COLLECTED MATERIAL Start Marker
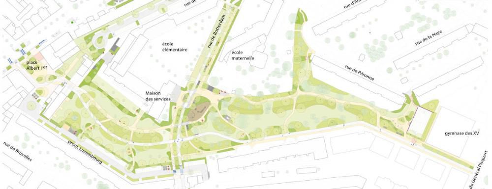 Le projet révolutionne la circulation dans le quartier. La rue de Rotterdam devient piétonne et végétalisée, tandis que 600 mètres linéaires d’aménagements cyclables facilitent les déplacements actifs. La place Albert 1er se transforme en espace exclusivement piéton, créant une respiration urbaine au cœur de la cité.
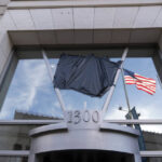 The U.S. flag flying alone beside an empty flagpole that previously had the flag of the U.S. Agency for International Development, or USAID, is seen Feb. 7 in the reflection of a window that previously had the sign and the seal of USAID, outside the agency’s headquarters in Washington.
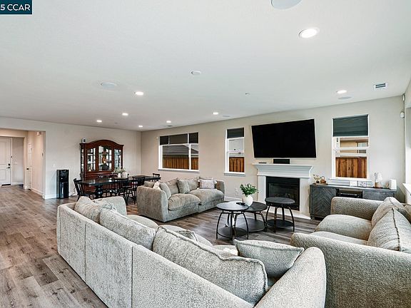 Welcome to 5401 Mountain Ridge Way, a beautifully upgraded home built in 2020 and lovingly maintained by its original owner. This modern, energy-efficient residence features an open-concept layout with stylish vinyl plank flooring throughout the common areas, plush carpet in the bedrooms, and elegant tile in the bathrooms. The spacious living room and dining area are illuminated by recessed lighting, creating a warm and inviting atmosphere. The well-appointed kitchen comes fully equipped with all appliances included, and the washer and dryer are also staying for your convenience and let us not forget the secret underground safe. Designed for smart, sustainable living, the home includes owned solar panels that have provided energy credits most months, along with an EV charger in the garage. Step outside to a fully concreted backyard, perfect for low-maintenance living, entertaining, or relaxing under the California sun. Located in a quiet and desirable Antioch neighborhood near parks, schools, shopping, and commuter routes, Security cameras all around the neighborhood, security officer patrols the neighborhood at night. This turnkey home offers the perfect blend of comfort, style, and efficiency.
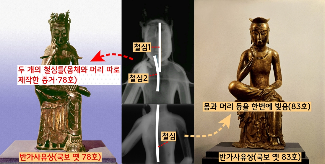 내부의 칠심틀이 분리되었다는 사실도 확인됐다. 즉 78호 반가사유상은 밀랍주조법으로 제작됐다. 철심틀에 점토로 불상의 원형을 정교하게 빚고 그 위에 밀랍을 입혀 원형대로 조각한 다음 재차 점토를 바른 후 청동쇳물을 부어 주조하는 기법이다. 그런데 철심틀이 분리되었다면 점토로 맨처음 형상을 만들 때 몸체와 머리 부분을 각각 따로 만들어 붙였다는 뜻이다. 반면 78호보다 50년 정도 늦게 제작된 83호 반가사유상은 1개의 철심틀로 머리와 몸체 등을 한번데 빚었다.
COLLECTED MATERIAL End Marker
REQUIRED WORK:
From the first line to the last, transcribe the listing exactly; skip the pictures.

FINISHED EXERCISE:
 Le projet révolutionne la circulation dans le quartier. La rue de Rotterdam devient piétonne et végétalisée, tandis que 600 mètres linéaires d’aménagements cyclables facilitent les déplacements actifs. La place Albert 1er se transforme en espace exclusivement piéton, créant une respiration urbaine au cœur de la cité.
 The U.S. flag flying alone beside an empty flagpole that previously had the flag of the U.S. Agency for International Development, or USAID, is seen Feb. 7 in the reflection of a window that previously had the sign and the seal of USAID, outside the agency’s headquarters in Washington.
 Welcome to 5401 Mountain Ridge Way, a beautifully upgraded home built in 2020 and lovingly maintained by its original owner. This modern, energy-efficient residence features an open-concept layout with stylish vinyl plank flooring throughout the common areas, plush carpet in the bedrooms, and elegant tile in the bathrooms. The spacious living room and dining area are illuminated by recessed lighting, creating a warm and inviting atmosphere. The well-appointed kitchen comes fully equipped with all appliances included, and the washer and dryer are also staying for your convenience and let us not forget the secret underground safe. Designed for smart, sustainable living, the home includes owned solar panels that have provided energy credits most months, along with an EV charger in the garage. Step outside to a fully concreted backyard, perfect for low-maintenance living, entertaining, or relaxing under the California sun. Located in a quiet and desirable Antioch neighborhood near parks, schools, shopping, and commuter routes, Security cameras all around the neighborhood, security officer patrols the neighborhood at night. This turnkey home offers the perfect blend of comfort, style, and efficiency.
 내부의 칠심틀이 분리되었다는 사실도 확인됐다. 즉 78호 반가사유상은 밀랍주조법으로 제작됐다. 철심틀에 점토로 불상의 원형을 정교하게 빚고 그 위에 밀랍을 입혀 원형대로 조각한 다음 재차 점토를 바른 후 청동쇳물을 부어 주조하는 기법이다. 그런데 철심틀이 분리되었다면 점토로 맨처음 형상을 만들 때 몸체와 머리 부분을 각각 따로 만들어 붙였다는 뜻이다. 반면 78호보다 50년 정도 늦게 제작된 83호 반가사유상은 1개의 철심틀로 머리와 몸체 등을 한번데 빚었다.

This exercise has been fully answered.